* TASK TO CARRY OUT
From the records below, transcribe exactly the lines that begin at the line with "고사리재배는준비한 만큼, 교육받은 만큼 성공합니다." and end at the line with "This template can", both included.

══ RECORDS SHOWN ══

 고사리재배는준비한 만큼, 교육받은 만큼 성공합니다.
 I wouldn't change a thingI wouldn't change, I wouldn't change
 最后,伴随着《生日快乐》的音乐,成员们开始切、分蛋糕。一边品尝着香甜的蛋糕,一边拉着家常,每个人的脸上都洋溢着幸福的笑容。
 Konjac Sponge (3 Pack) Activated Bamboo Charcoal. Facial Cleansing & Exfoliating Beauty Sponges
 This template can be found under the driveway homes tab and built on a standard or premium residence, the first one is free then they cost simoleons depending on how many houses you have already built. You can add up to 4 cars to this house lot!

═══
══ RECORDS SHOWN ══

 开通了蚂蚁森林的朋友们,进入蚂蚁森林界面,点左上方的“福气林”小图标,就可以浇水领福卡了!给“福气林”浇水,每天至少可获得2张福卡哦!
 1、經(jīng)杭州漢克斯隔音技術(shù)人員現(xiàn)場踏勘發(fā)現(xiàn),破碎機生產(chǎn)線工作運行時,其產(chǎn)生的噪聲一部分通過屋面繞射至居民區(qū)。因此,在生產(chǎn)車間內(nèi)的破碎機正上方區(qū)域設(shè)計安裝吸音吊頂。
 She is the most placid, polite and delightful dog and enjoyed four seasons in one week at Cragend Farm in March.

═══
══ RECORDS SHOWN ══

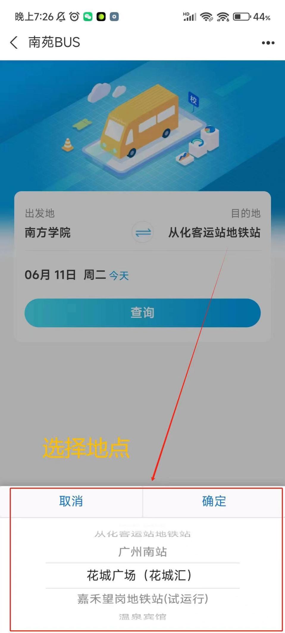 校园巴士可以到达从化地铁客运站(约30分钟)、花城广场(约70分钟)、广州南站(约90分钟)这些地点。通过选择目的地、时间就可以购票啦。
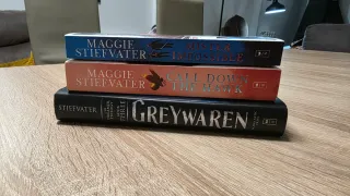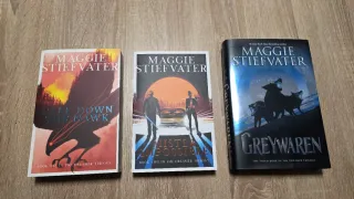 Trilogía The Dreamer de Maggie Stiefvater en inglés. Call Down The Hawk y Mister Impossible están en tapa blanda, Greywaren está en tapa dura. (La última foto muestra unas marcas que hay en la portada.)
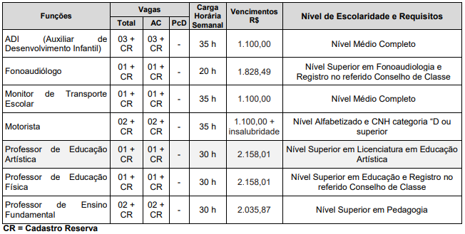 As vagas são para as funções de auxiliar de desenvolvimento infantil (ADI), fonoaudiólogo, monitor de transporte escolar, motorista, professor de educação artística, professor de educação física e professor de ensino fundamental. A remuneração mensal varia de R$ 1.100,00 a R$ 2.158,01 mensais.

═══

* WRITTEN ANSWER
 고사리재배는준비한 만큼, 교육받은 만큼 성공합니다.
 I wouldn't change a thingI wouldn't change, I wouldn't change
 最后,伴随着《生日快乐》的音乐,成员们开始切、分蛋糕。一边品尝着香甜的蛋糕,一边拉着家常,每个人的脸上都洋溢着幸福的笑容。
 Konjac Sponge (3 Pack) Activated Bamboo Charcoal. Facial Cleansing & Exfoliating Beauty Sponges
 This template can be found under the driveway homes tab and built on a standard or premium residence, the first one is free then they cost simoleons depending on how many houses you have already built. You can add up to 4 cars to this house lot!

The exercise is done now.